Publication: Eurasia Daily Monitor Volume: 16 Issue: 7

(Source: The Defense Post)

The minister of national defense of the Central African Republic (CAR), Marie-Noëlle Koyara, stated, on January 10, that a Russian military base might soon be created in the country (Business-gazeta.ru, January 10, 2019). If so, this step would usher in a qualitatively new phase in Russia’s “turn to Africa” policy, with war-turn, economically broke and politically unstable CAR becoming Russia’s new geopolitical base and a point of entry to the wider continent.

Russia started to demonstrate far-reaching interest in the CAR as early as October 2017, when Russian Foreign Minister Sergei Lavrov met in Sochi with the country’s President Faustin-Archange Touadéra. And throughout 2018, Moscow took its first concrete steps toward cementing the nascent alliance. First, it increased its military support for the CAR with a significant shipment of weaponry (RBC, December 14, 2018) and sending in a number of military instructors (see EDM, April 30, 2018; September 4, 2018). Second, Russia intensified bilateral diplomatic ties and military cooperation with the African state. In May, President Touadéra appeared at the St. Petersburg International Economic Forum as a special guest of Vladimir Putin (Kremlin.ru, May 23, 2018), which was viewed in Paris as a challenge to traditional French influence over this part of Africa (France 24, August 8, 2018). Subsequently, in August, during the Army-2018 international military-technical forum (held in Kubinka), Defense Minister Sergei Shoigu signed an agreement with his counterpart from the Central African Republic on stepping up Russian training of CAR forces (RIA Novosti, August 21, 2018).

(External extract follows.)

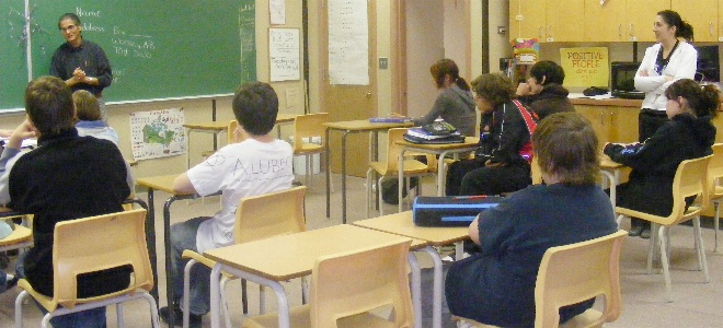 Mrs. Rowe's grade 6/7 Social Studies class enjoyed a visit by Syd Courtepatte. He spoke to the students about Louis Riel and the Rebellion.
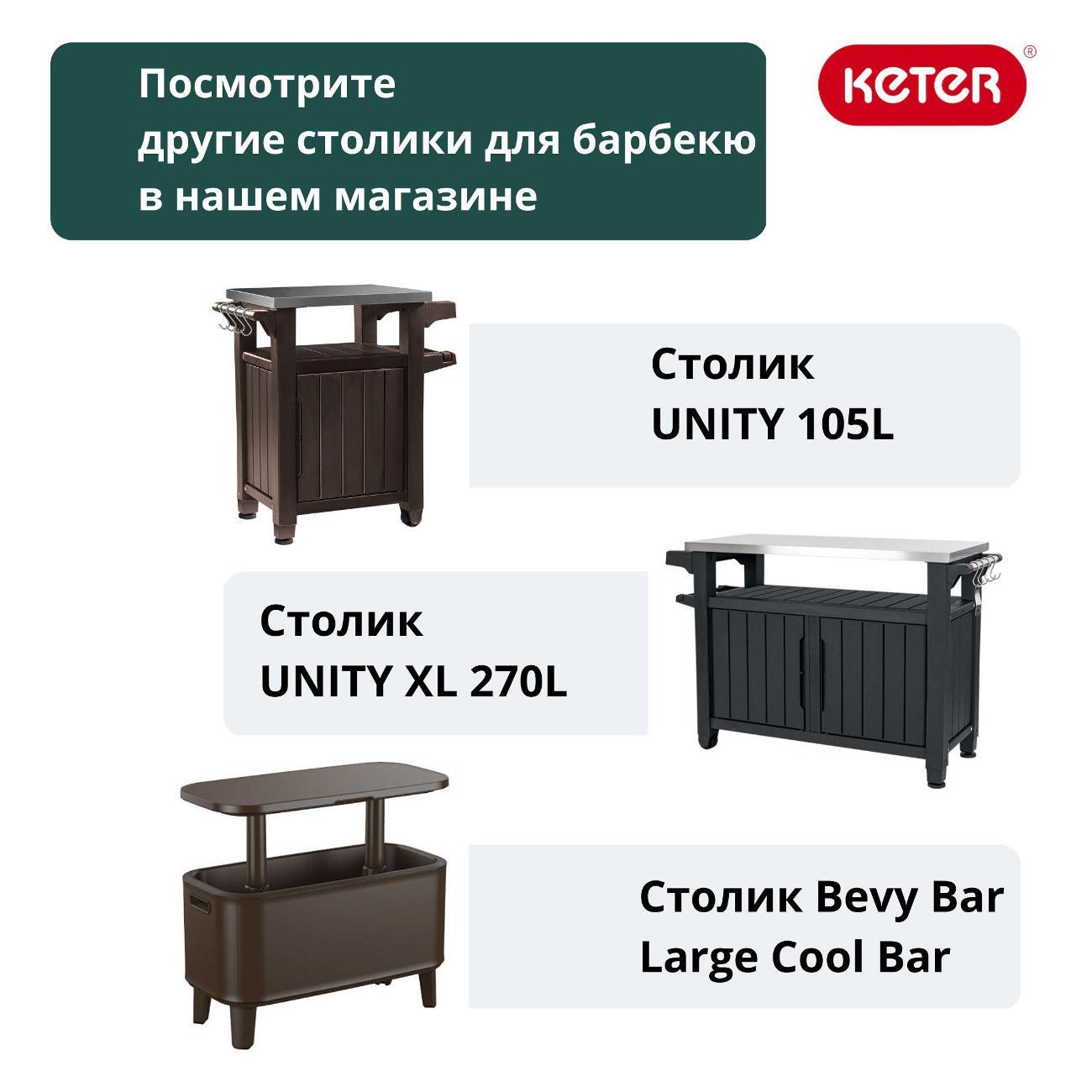 Вы можете купить Барная стойка Keter Bevy Bar Large Cool Bar_Графит в магазинах М.Видео по доступной цене. Барная стойка Keter Bevy Bar Large Cool Bar_Графит: подробное описание, фото и отзывы реальных покупателей, характеристики, возможность скачать инструкции и подобрать аксессуары.

The most controversial aspect of the bilateral relationship is the issue of Russia’s so-called “military instructors,” who are playing an increasingly important role in the national security architecture of the CAR. Russian sources claim that, in addition to officially deploying 175 personnel to the CAR, Moscow has also sent there “several hundred mercenaries who have fought in Donbas and Syria” (Novaya Gazeta, August 2, 2018). Indeed, photographs taken of President Touadéra on August 15, 2018, captured images of employees of Sewa Security Services—de facto a Russian private military company (PMC) and rumored to be a “branch” of the more well-known Wagner Group. Sewa Security Services is reportedly closely aligned with Lobaye Invest, a firm headed by Yevgeny Khodotov, who in turn is said to have served as the head of security for Wagner Group financier Yevgeny Prigozhyn (Thebell.io, August 15, 2018).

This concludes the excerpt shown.